I've subscribed to hundreds of RSS feeds over the months and I've used half a dozen ways to manage them at least. They all have one thing in common, which is that data is gathered from the target web sites that I may or may not (and in fact most probably never will) look at. Doesn't the waste of all this bother anybody but me? I think we are fortunate that Joe Average user is blissfully ignorant of his computers ability to collect all manner of information that he is not interested in.
Apple of course ruined all of this by making this “syndication” concept easy to turn on in iTunes. So easy in fact that these background downloads of disk-filling-never-to-be-seen/heard/watched content can be turned on quite by accident. New computers and even laptops with minimum disk sizes of 60G or so mean that it will be two years before a user will slink into his Apple store and ask why he can't do anything on the computer any more without getting disk-full messages. That is, unless the Tiki Bar and RocketBoom episodes don't vastly accelerate the process.
There are, of course, things you can listen to while doing something else, and I've downloaded boring old tech podcasts of one kind or another to burn to CDs that I can take in the car. I could MAYBE even see clear to downloading videos to take on an Internetless plane ride or hike through the Himalayas, but those are exceptions.
The as yet unrealized full beauty of the Internet is that content should be ON DEMAND, always new, freshly spell-checked and corrected so that when I DO go looking for something I'm getting the latest, greatest, most “correctest” version of it possible.

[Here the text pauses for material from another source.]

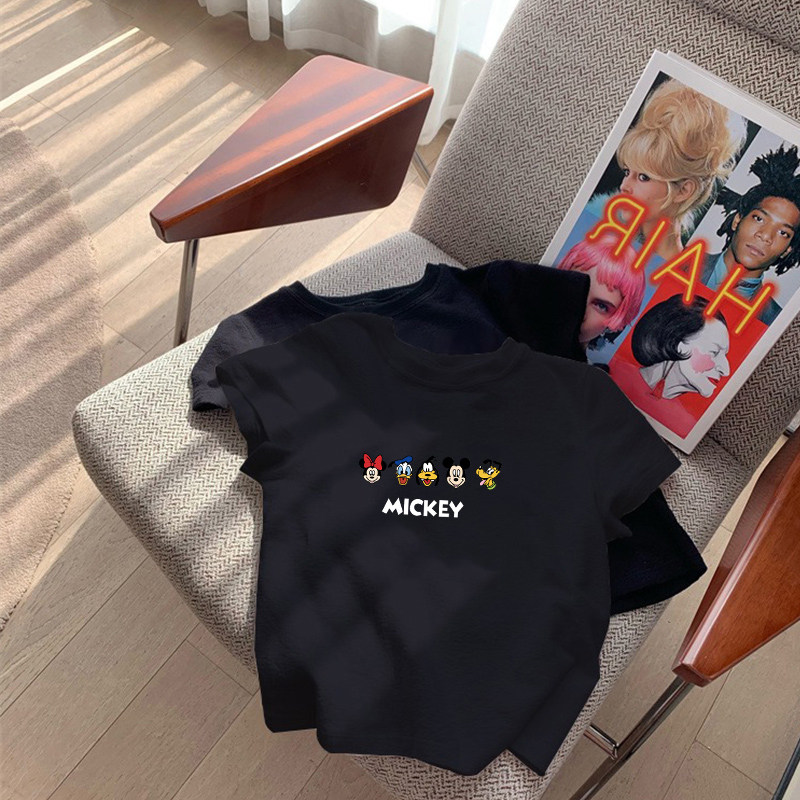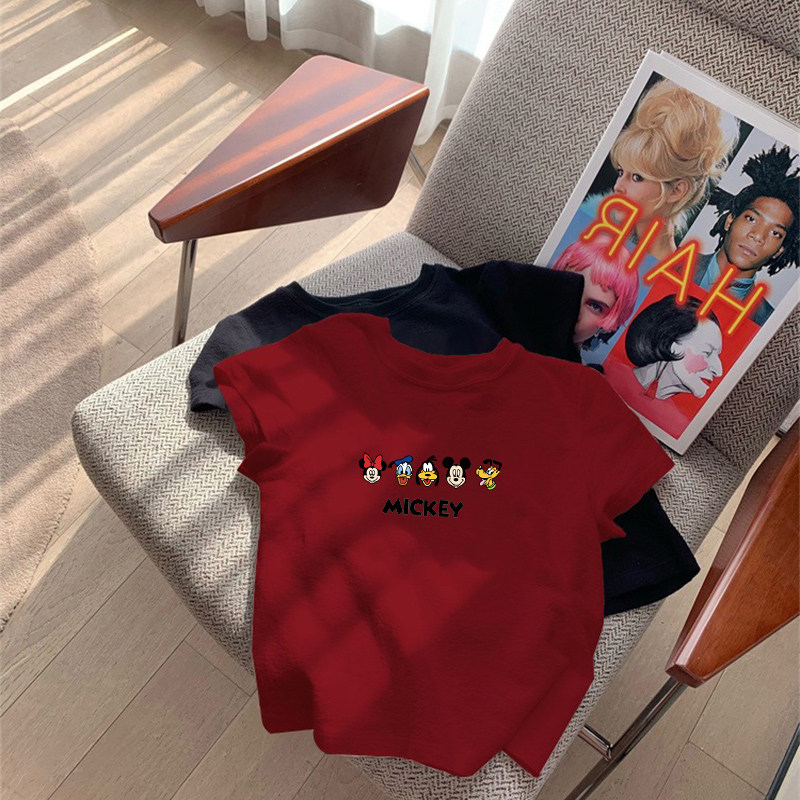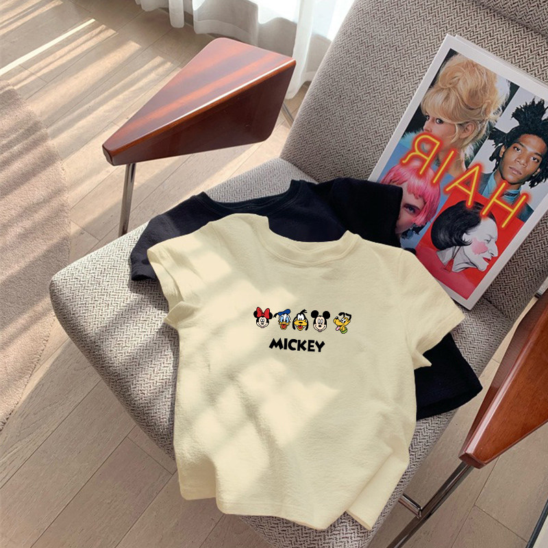 女童米奇纯棉短袖t恤夏装男童夏季中大儿童半袖体恤宽松上衣白色

While there is a rightful place for things such as the Wayback Machine, Google Books, and the like, I don't see the future of the Internet as turning us all into more efficient pack-rats. Just the opposite, the certainty that “it's all still out there somewhere” should free us to just use what we need at the moment and not burden ourselves and our hard drives with a lot of copies of things.
Somehow the industry pundits and a-listers haven't gotten over the Gee Whiz factor of easily produced and acquired multimedia, an attitude that is shared among normal people only by teenagers who don't have to earn a living yet. I think what confuses the pundits is that they think this demographic is going to change. I suspect it won't. When these kids (hopefully) mature, they will lose interest, and only be replaced by more kids who have the luxury of spending 6 hours a day socializing without the need to actually produce anything. Orkut, Myspace and maybe YouTube will appeal to these kids, but I think it a huge mistake to think that the rest of what we do on the Internet will “evolve” to look like these products.
Instead, I see traditional modes co-existing for a long time with the new. One way or another my TV set will continue to get (well, if I actually watched TV that is) a standard set of “premium” content that can be referenced as (among other things) chanel numbers. But I also think we will have “radios”, “TV sets” and maybe even “Newpaper machines” that will draw content on demand from a near infinity of sources that we might also refer to in some shorthand form, programmed possibly in advance from URLs. Will these “channel buttons” that replace RSS and other forms of syndication even be worthy of an acronym?